> Task statement
All of the listing should be returned as written, apart from any picture in it.

> Collected data
====================

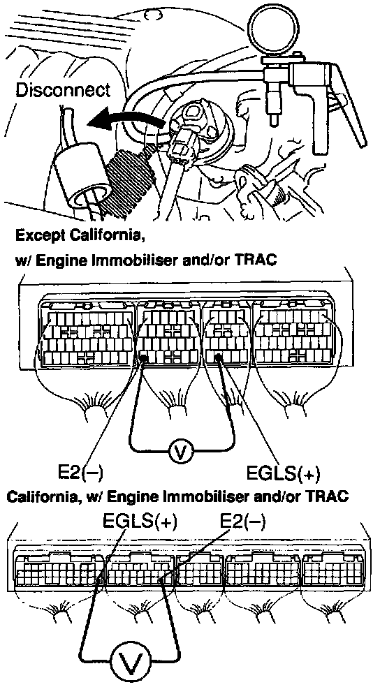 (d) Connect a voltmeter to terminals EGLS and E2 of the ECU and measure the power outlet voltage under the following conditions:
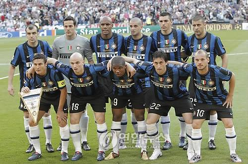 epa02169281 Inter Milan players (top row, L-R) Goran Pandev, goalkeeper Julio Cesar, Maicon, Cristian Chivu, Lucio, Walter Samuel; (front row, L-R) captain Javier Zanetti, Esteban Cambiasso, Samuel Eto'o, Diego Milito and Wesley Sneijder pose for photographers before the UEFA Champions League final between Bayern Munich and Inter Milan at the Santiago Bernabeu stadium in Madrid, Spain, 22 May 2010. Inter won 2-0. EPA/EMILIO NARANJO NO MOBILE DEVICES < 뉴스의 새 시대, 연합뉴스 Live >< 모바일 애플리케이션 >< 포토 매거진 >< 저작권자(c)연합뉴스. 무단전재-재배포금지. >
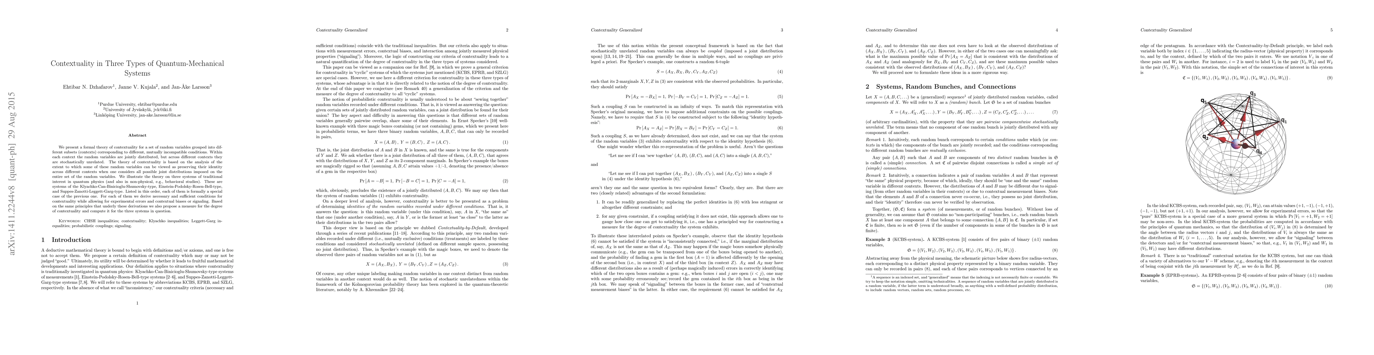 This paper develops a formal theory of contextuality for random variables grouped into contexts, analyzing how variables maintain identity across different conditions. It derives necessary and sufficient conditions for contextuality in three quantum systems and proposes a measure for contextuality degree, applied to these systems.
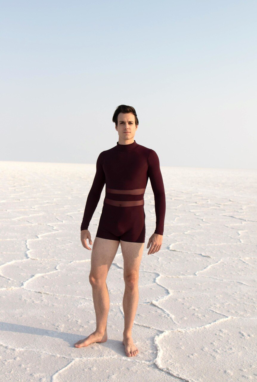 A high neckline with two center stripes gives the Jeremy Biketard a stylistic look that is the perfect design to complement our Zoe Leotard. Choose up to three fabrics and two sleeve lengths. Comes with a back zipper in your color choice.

====================

> Answer space
 (d) Connect a voltmeter to terminals EGLS and E2 of the ECU and measure the power outlet voltage under the following conditions:
 epa02169281 Inter Milan players (top row, L-R) Goran Pandev, goalkeeper Julio Cesar, Maicon, Cristian Chivu, Lucio, Walter Samuel; (front row, L-R) captain Javier Zanetti, Esteban Cambiasso, Samuel Eto'o, Diego Milito and Wesley Sneijder pose for photographers before the UEFA Champions League final between Bayern Munich and Inter Milan at the Santiago Bernabeu stadium in Madrid, Spain, 22 May 2010. Inter won 2-0. EPA/EMILIO NARANJO NO MOBILE DEVICES < 뉴스의 새 시대, 연합뉴스 Live >< 모바일 애플리케이션 >< 포토 매거진 >< 저작권자(c)연합뉴스. 무단전재-재배포금지. >
 This paper develops a formal theory of contextuality for random variables grouped into contexts, analyzing how variables maintain identity across different conditions. It derives necessary and sufficient conditions for contextuality in three quantum systems and proposes a measure for contextuality degree, applied to these systems.
 A high neckline with two center stripes gives the Jeremy Biketard a stylistic look that is the perfect design to complement our Zoe Leotard. Choose up to three fabrics and two sleeve lengths. Comes with a back zipper in your color choice.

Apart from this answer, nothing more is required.